Each wing occupies its own discrete level, linked by just a few steps that make the rise and fall subtle, exactly as intended by the architects. A skillion roof helps the interior volumes expand and compress expressively, creating dynamic spatial experiences throughout the home. At the double-height entry, opaque glass admits translucent light and dancing shadows from the exterior's hit-and-miss brickwork pattern.

Stepping down into the kitchen, dining, and living zone, which is warmed by a double-sided log fire, visitors experience a dramatic change as the dark ceiling swoops down and focuses attention on sweeping views across the northeast. "Deep revealed timber window sections draw the focus out," Matt explains. "It foregrounds the eucalyptus trees and the valley beyond." This space feels like the culmination of the architectural journey, yet its design inevitably draws people back outside to experience the landscape from yet another angle.

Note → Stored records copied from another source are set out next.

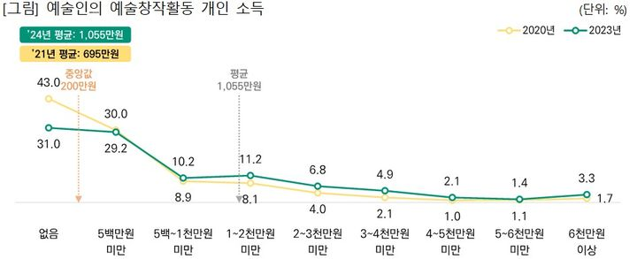 문화체육관광부가 한국문화관광연구원과 6일 발표한 ‘2024년 예술인 실태조사’에 따르면 2023년 예술인 1인당 평균 연소득은 1055만원이었다. 조사 대상 예술인이 속한 가구 1곳당 평균 연소득도 4590만원으로 조사됐다. 우리나라 가구 1곳당 평균 연소득인 6762만원보다 약 2200만원 적은 것이다.
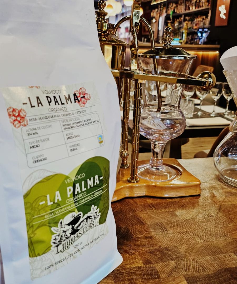 El café orgánico VOLHOCO de La Palma, tostado por Jhon Ardila, barista y fundador de JR Roasters, ofrecía una profundidad y complejidad de sabores que se complementaban perfectamente con los Petit Fours de Pedro Rodríguez Dios. Cada uno de estos pequeños bocados, desde las nubes de gofio y miel de cumbre hasta las trufas de chocolate y el crocante de almendra con flor de sal, proporcionaba una combinación justa de sabor y creatividad que dejaba una dulce impresión al final de la noche.
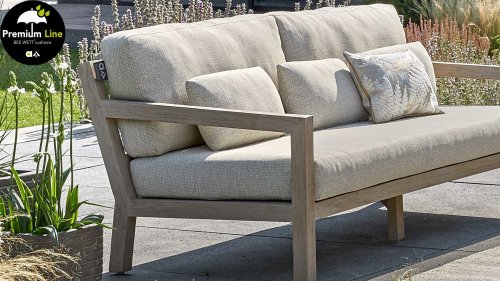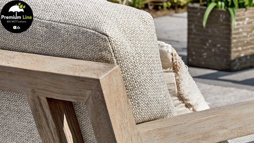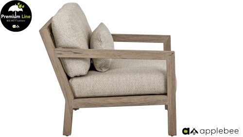 De Applebee Olive Loungeset: Robuuste teakhouten balken, samengesmolten tot een stoer en tijdloos loungemeubel. De Applebee Olive Loungeset blijft zéker niet onopgemerkt in uw tuin of op uw terras, in welke opstelling dan ook! Dus bent u echt op zoek naar compleet iets anders? Bekijk dan zeker de Olive met de originele Coastal tint op het stevige teakhout. De bijpassende Natural Oak kleur Bee Wett kussens geven de Olive in combinatie met het gebleekte teakhout, een zeer fraaie uitstraling.
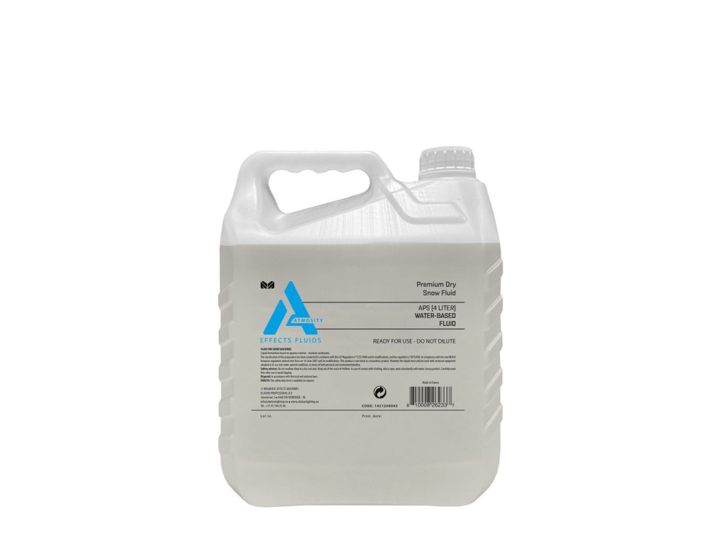 APS - Premium Dry Snow Fluid (4l): Kapalina Atmosity, určená pro sérii Elation Magmatic Polar (lze ji ale použít i pro většinu jiných výrobníků umělého sněhu). Hangtime 5-10min.
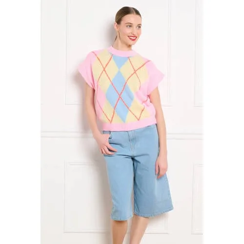Geef je dagelijkse outfits een frisse update met deze lichtroze dames trui met korte mouwen van LOLALIZA. De trui heeft een moderne, korte lengte en een subtiel grafisch ruitpatroon in lichtroze, blauw en geel. De combinatie van kapmouwen en ronde hals geeft een lichte uitstraling die goed past bij het seizoen. De zachte stof valt soepel om het lichaam en maakt dit model ideaal voor lenteweer of voor laagjes.Praktische details voor elke dag Korte trui met kapmouwen, geschikt voor een luchtige, moderne look Grafisch ruitpatroon in lichtroze/blauw/geel voor een subtiel grafisch effect Geribde boorden zorgen voor een nette afwerking en een aansluitende pasvorm Gemaakt van 78% acryl / 22% polyamide voor een zachte, comfortabele touch Wasbaar op 30 graden, praktisch in onderhoud Spencer-model zonder zakken, makkelijk te combineren met verschillende stijlenHoe combineer je deze korte truiDeze korte trui uit de Daily collectie sluit mooi aan op een high waist jeans of een rechte pantalon. Ook boven een rok met hoge taille komt de lengte goed tot zijn recht. Draag de trui solo op mildere dagen of over een fijn T-shirt of top als extra laagje.LOLALIZA als stijlvolle basisLOLALIZA staat bekend om modieuze items die geschikt zijn voor alledaagse momenten. De collecties combineren actuele trends met draagbare modellen in standaardmaten. Deze trui sluit daar goed op aan en biedt een toegankelijke manier om kleur en patroon toe te voegen aan je garderobe.Een lichte, grafische trui die je eenvoudig meeneemt van een werkdag naar een ontspannen moment.
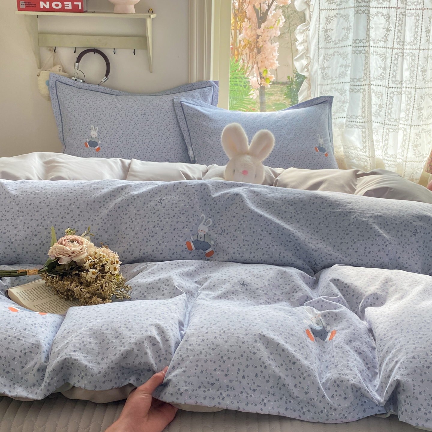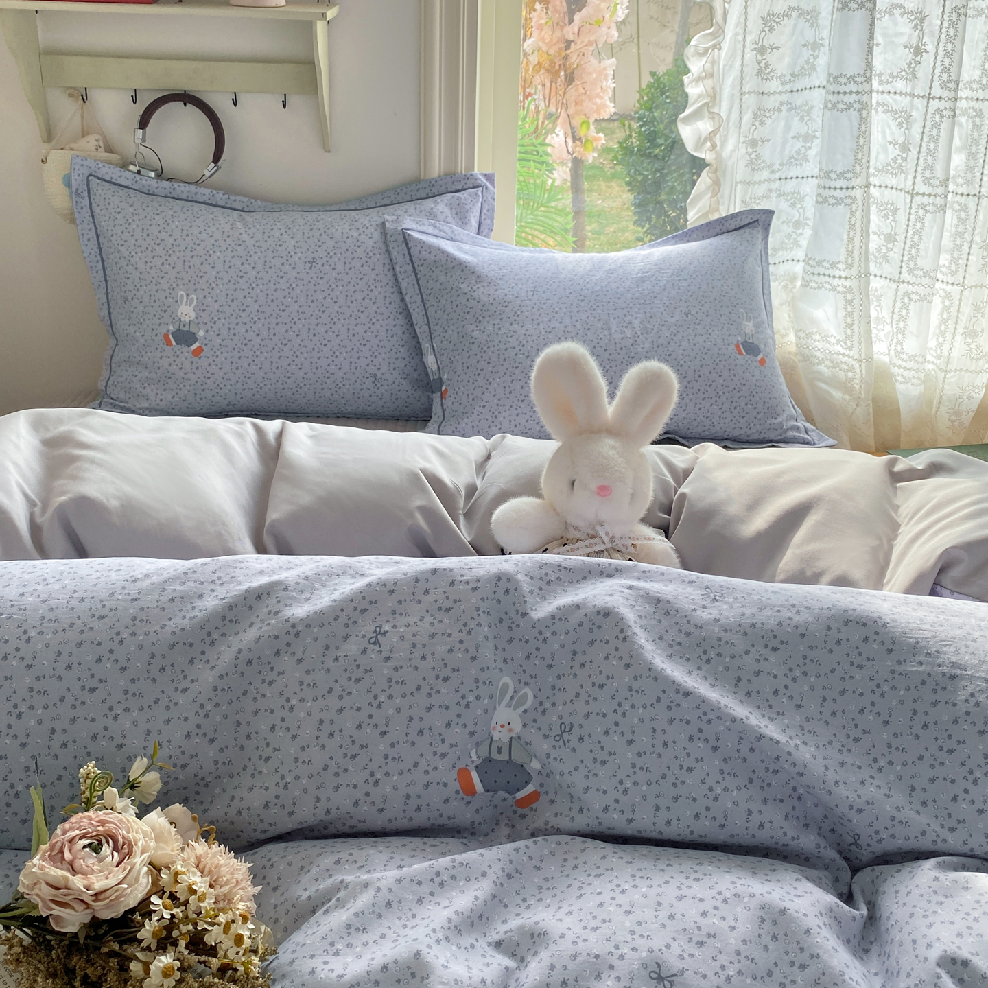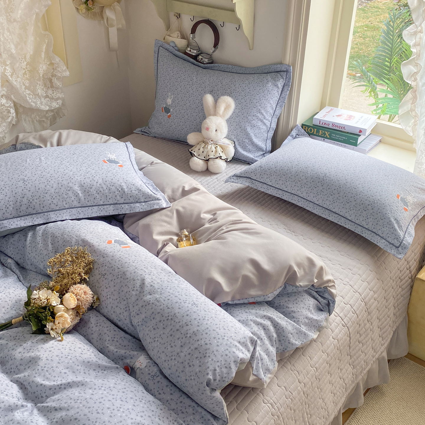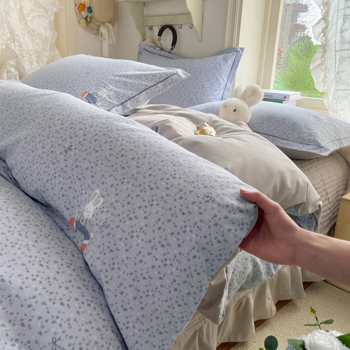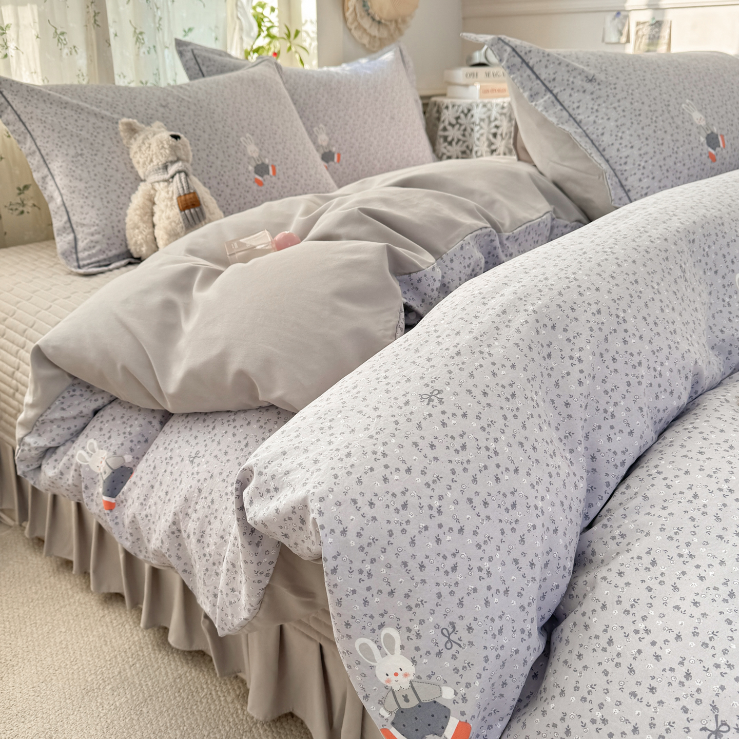 商品名称:富之航家纺 2026新款小清新床盖四件套 童年小兔
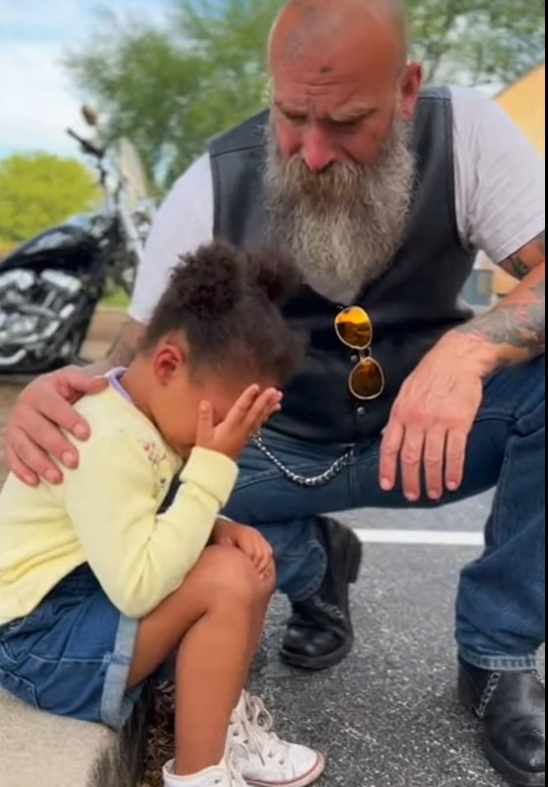 The biker didn’t rush in or demand attention. He leaned against his bike and watched quietly, like someone who understood that timing matters.
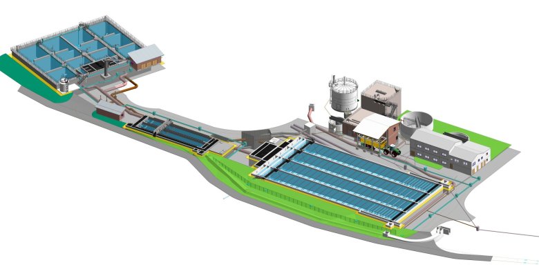 Eine grafische Darstellung des Planungsentwurfs für die neue 2-straßige Kläranlage vom Ingenieurbüro Kocks Consult.Fördermittel
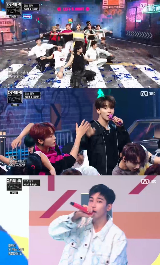 22일 오후 방영된 Mnet 예능프로그램, 세븐틴 컴백쇼 '헹가래'에서 세븐틴이 타이틀곡 'Left&Right'무대를 최초로 공개했다.
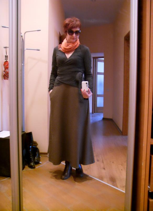 VeraPravda Опубликовано 17 апреля, 2011 Поделиться #74 Опубликовано 17 апреля, 2011 (изменено) Вот мой опыт с макси. Эта юбка досталась мне в лихие начальные 90-года ( секенд) из Финляндии. Такая на ней чудная шерстяная ткань и клетка, что дорожу я этой юбкой и храню ее. Так как макси пояаилось в арсеналах моделей я тоже достала ее из хранения. Права Брина дресскод такое не пропускает, в институт на лекции я не хожу (возраст другой), а просто для себя пройтись "в образе"-мне нравится. Зимой с теплой курткой, кажется это стиль 80. Или с короткой курткой и с коротким кардиганом. Пробовала верх объемный-но сразу лишняя тяжесть на фигуре. Очки, так как без макияжа. Летом носида длинный сарафан, а ярусную юбку с майкой и батистовым шарфом на шее. Было здорово! Рост 168, каблук 9см, а возраст в привате. И еще заметила, что макси возращается в каждом десятилетии, только в новом прочтении: вспомните конец 70-юбка годе-макси с широким низом, в 80 была длина по икру и платья и юбки, в 90 -опять в пол, прямые чуть расширенные юбки (еще с разрезами) носили с ботинками и летом и зимой. Изменено 17 апреля, 2011 пользователем VeraPravda Ссылка на сообщение Поделиться на другие сайты Поделиться

The project utilized carefully selected materials and products throughout. The roofing features custom folded Colorbond Monument, while external walls combine dry-pressed bricks from PGH Bricks in Megalong Valley Grey with silvertop ash cladding. Interior walls incorporate the same dry-pressed bricks, crown-cut blackbutt veneer, and plasterboard with V-groove boards in Dulux Brume. Windows feature Abodo Vulcan frames in Straw, and doors use Lodden hardware from Designer Doorware in Black. Solid blackbutt flooring runs throughout, complemented by carefully curated lighting from various sources including Sphera tracklights, Masson downlights, and Artemide Ball lights.

The project team included Matt Rawlins, John Pagnozzi, and Nicholas Peron from Figureground Architecture, with engineering by Structed Consulting Engineering and landscape work by Habitat Construction and Developments and Austin Landscape Design. The house, built on the land of the Wurundjeri people, covers 330 square meters on a 52,500 square meter rural site. Both design and documentation, as well as construction, each took 12 months to complete, resulting in a new residential home that perfectly captures the essence of contemporary Australian farm living.